The concept, first published on Balkin’s blog, and deeply developed in an article for the UC Davis Law Review, is best explained in an Atlantic piece from 2016. (Read the whole thing. It’s worth it. But I’ll excerpt key pieces here.)

The sub-head of the article asks: “Doctors and lawyers are prohibited from using clients’ information for their own interests, so why aren’t Google and Facebook?”

Some background:

Even if you don’t use the word “fiduciary,” you intuitively understand it’s meaning. We depend on people to act in our best interests all the time — the entire world of “professionals” is based on the concept. We hire them to do something we can’t, and to act in our own interests in an area about which we know very little.

As Balkin and Zittrain explain: “In the law, a fiduciary is a person or business with an obligation to act in a trustworthy manner in the interest of another. Examples are professionals and managers who handle our money or our estates.”

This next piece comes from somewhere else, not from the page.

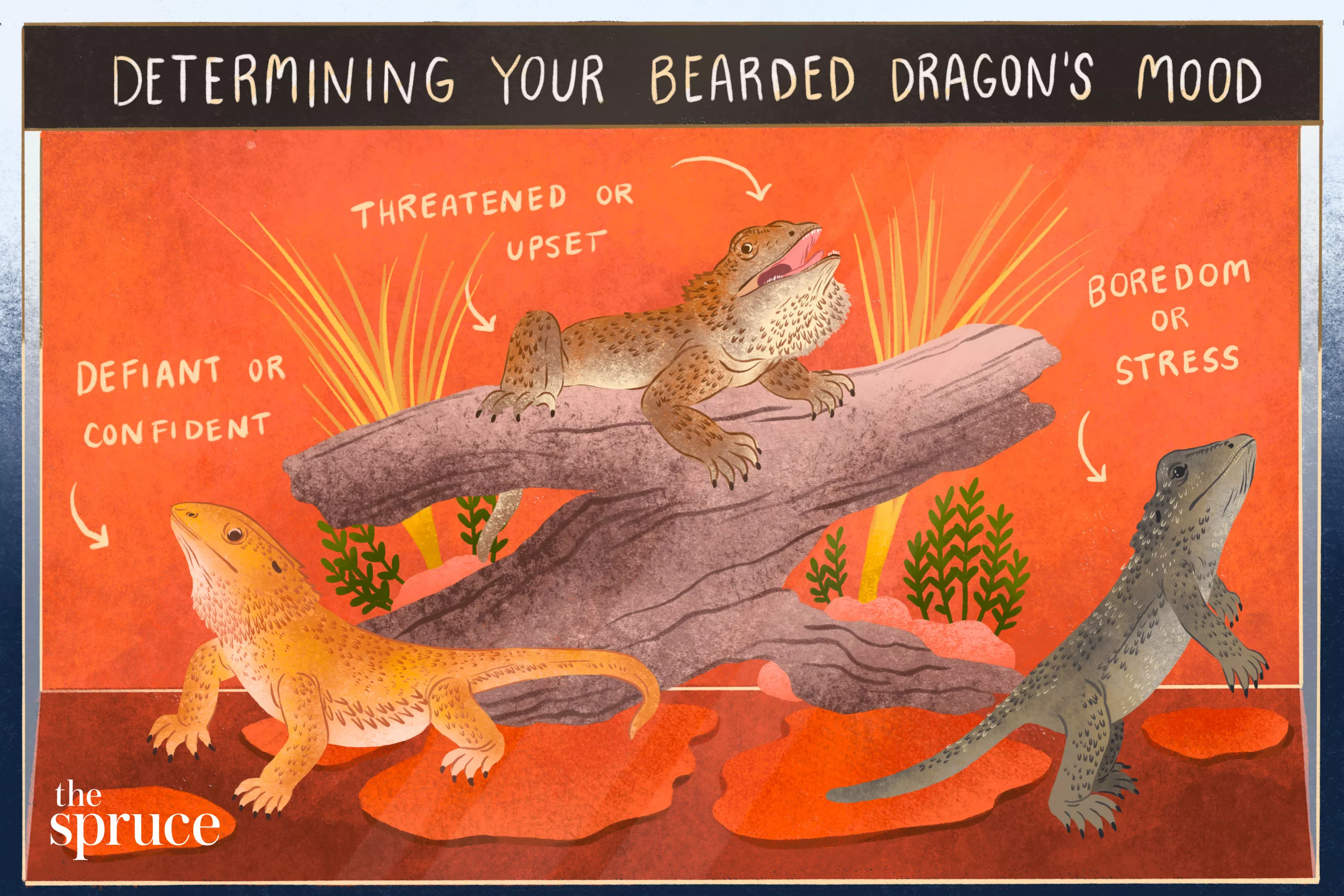 Key Takeaways Bearded dragons show dominance or submission through behaviors like "The Wave" and "The Head Bob."Stress or threat can cause bearded dragons to puff their beard or change colors.Behaviors such as "Glass Surfing" and "Digging" can indicate stress, boredom, or natural instincts related to reproduction.

They go on that an information fiduciary is not a new concept at all. Instead, it:

“is a person or business that deals not in money but in information. Doctors, lawyers, and accountants are examples; they have to keep our secrets and they can’t use the information they collect about us against our interests. Because doctors, lawyers, and accountants know so much about us, and because we have to depend on them, the law requires them to act in good faith—on pain of loss of their license to practice, and a lawsuit by their clients. The law even protects them to various degrees from being compelled to release the private information they have learned.”

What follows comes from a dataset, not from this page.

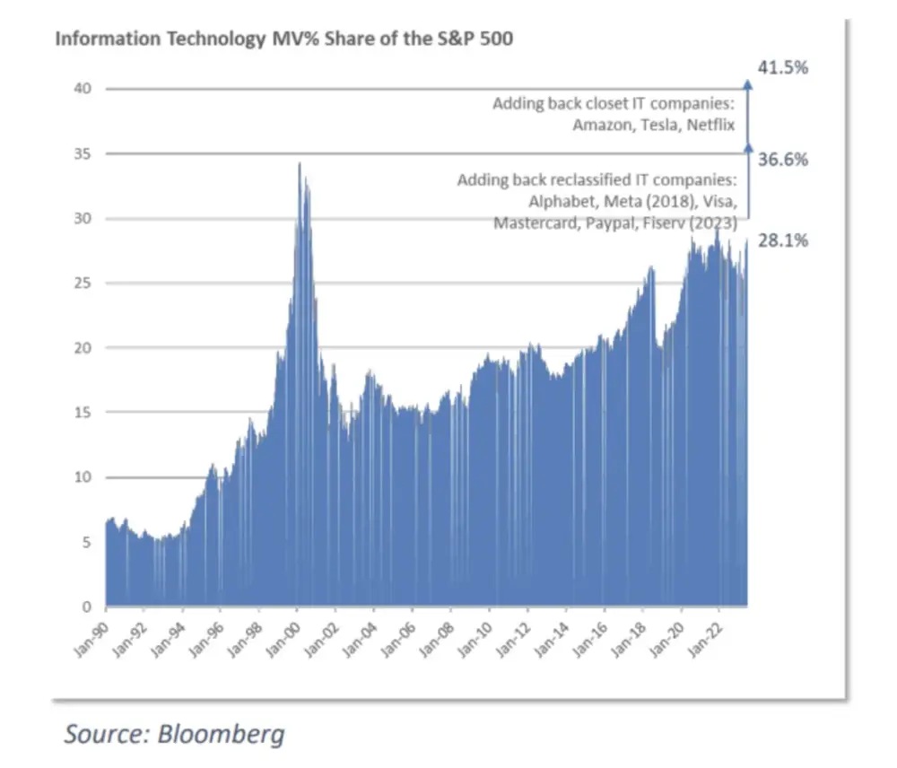 另一种判断这种集中度的方法是,看看科技股在标普500指数中所占的市值份额。在互联网泡沫的高峰期,这一比例超过了34%。如今,这一比例为28%。斯米德说,如果把亚马逊、特斯拉、Netflix、Alphabet、Meta、Visa、万事达、贝宝和Fiserv等曾经或目前被认为属于科技行业的公司也加起来,这个数字就超过了41%。

Sound familiar? They want it to.

The pair go further to suggest that the idea could be used to craft regulatory legislation that operates along the lines of the Digital Millennium Copyright Act (DMCA). In short, the DMCA protects companies that host copyrighted content posted by users from liability if the copyright owner notifies said companies of an infringement and they take it down. (Users have recourse, too.)

In the context of our personal information,

“Companies could take on the responsibilities of information fiduciaries: They would agree to a set of fair information practices, including security and privacy guarantees, and disclosure of breaches. They would promise not to leverage personal data to unfairly discriminate against or abuse the trust of end users. And they would not sell or distribute consumer information except to those who agreed to similar rules.”

With all the clamoring for regulation of Internet giants, implementation of an information fiduciary concept seems like an exceptionally good bargain. In a relationship of asymmetric power, consumers (us) get to trust that our data is being used in our best interests, tech platforms (read: Google, Facebook, Amazon… at least for now) get to avoid tough decisions that amount to governance, and the businesses that advertise with said platforms (think more along the lines of the local Thai restaurant than Walmart) can depend on them behaving in a predictable and beneficial manner.

One final note: what’s any of this to do with news? A lot.

First, it could obligate tech platforms to take on some of the editorial control of content they’ve eschewed.

Second, and more importantly, it should change the way the way they interact with news organizations. In essence, it should more closely align the interests of the two, making it easier to work together. Not only are news organizations set up to use information to the benefit of the public, they’re also accountable for bad behavior via libel law, etc. If there was a mechanism to make tech/information sharing platforms similarly aligned/accountable, it might make collaboration all the much easier.